Go into Cameroon and Egypt — immense powerhouses at that time in African soccer — and gather as much information as possible on the opponents and report back to Fabisch.

The man tasked with that responsibility was none other than Benedict Moyo, who at that time was coaching Ziscosteel FC in Kwekwe.

The German national — still immortalised today for putting together the “Dream Team” that had wonder boy Peter Ndlovu, the legendary Bruce Grobbelaar, the late Benjamin Konjera, Henry McKop, Madinda Ndlovu, Ephraim Chawanda, Mercedes Sibanda, and the late Francis Shonhai among other football greats — believed spying on opponents was as vital as air is  important to all living things.

“I still have no idea why Fabisch selected me to go into countries such as Cameroon and Egypt, watch them play and report back to him because I was a rookie coach at Ziscosteel FC at that time.

“Nevertheless I enjoyed that role and executed it to the best of my abilities and reported back to Fabisch after every mission and he used that information to put together a game plan that he would use against those teams when they played the Dream Team.

“He was a visionary coach who loved the game, was down to earth and taught local coaches all there was to know about the game,” Moyo told B-Metro Sport.

After one of Moyo’s spying missions in Africa, Fabisch had a request for his protégé.

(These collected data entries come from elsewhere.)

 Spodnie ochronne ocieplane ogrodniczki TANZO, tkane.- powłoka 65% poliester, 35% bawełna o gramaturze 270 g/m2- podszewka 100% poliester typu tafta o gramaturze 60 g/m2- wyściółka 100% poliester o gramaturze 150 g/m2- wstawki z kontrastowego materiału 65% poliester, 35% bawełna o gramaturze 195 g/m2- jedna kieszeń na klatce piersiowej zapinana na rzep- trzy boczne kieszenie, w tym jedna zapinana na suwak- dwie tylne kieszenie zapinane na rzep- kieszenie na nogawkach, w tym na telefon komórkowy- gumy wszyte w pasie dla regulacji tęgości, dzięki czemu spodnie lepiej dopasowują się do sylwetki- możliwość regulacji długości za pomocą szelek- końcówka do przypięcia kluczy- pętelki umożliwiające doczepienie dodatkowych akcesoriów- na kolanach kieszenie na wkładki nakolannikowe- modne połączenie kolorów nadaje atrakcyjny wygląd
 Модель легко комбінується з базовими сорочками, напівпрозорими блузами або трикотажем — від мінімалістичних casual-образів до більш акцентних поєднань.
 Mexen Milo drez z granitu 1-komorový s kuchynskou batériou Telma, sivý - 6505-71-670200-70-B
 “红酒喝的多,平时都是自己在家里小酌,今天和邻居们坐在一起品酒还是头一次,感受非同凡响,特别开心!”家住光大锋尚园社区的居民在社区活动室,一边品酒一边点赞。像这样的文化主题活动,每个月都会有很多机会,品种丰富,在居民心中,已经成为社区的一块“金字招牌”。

He asked the Ziscosteel FC coach to assemble his team and play a practice match against the Dream Team.

“I had reported back to him that his next opponents in Africa played a very defensive game and he told me to assemble Ziscosteel to play against the Warriors in a practice match in Harare. He wanted Ziscosteel to play a similar defensive match that I had watched in Africa so he could prepare the Warriors for their next assignment. That’s just how good Fabisch was,” said Moyo — who later in his coaching career took charge of the Mighty Warriors among other coaching stints.

Fabisch was also a stickler for fairness and would once in a while clash with the Zifa leadership for fair remuneration for the players and the local coaching staff.

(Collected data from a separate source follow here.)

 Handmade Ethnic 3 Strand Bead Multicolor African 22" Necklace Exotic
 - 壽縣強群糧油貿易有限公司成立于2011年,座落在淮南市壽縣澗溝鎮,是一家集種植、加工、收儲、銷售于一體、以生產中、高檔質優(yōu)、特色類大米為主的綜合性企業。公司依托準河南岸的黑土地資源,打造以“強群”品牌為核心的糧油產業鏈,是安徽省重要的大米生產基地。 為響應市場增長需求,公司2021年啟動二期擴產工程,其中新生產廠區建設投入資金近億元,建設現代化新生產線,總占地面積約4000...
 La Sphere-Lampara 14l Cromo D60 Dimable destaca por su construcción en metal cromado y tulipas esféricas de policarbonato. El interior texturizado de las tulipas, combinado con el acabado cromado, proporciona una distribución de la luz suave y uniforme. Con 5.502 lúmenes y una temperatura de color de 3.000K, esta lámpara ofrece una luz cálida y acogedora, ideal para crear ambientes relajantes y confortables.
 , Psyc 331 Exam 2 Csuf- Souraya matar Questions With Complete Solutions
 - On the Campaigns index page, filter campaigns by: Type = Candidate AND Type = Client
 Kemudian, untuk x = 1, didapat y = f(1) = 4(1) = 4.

“He fought for his assistants and players to get better salaries and allowances. It’s also amazing how he was willing to learn so much about Zimbabwean football from the grassroots to an extent that he was willing to put his career on the line for throwing young players such as Peter in the deep end and engaging coaches like myself as part of his backroom staff,” he added.

Fabisch died in Germany on 12 July 2008 after a battle with cancer.

“We kept in touch by telephone way after he left Zimbabwe and at one stage he wanted me to join him in Kenya where he was the national team coach but I could not take up the offer because of my job in the engineering department at Ziscosteel.

“I will always miss him,” Moyo said.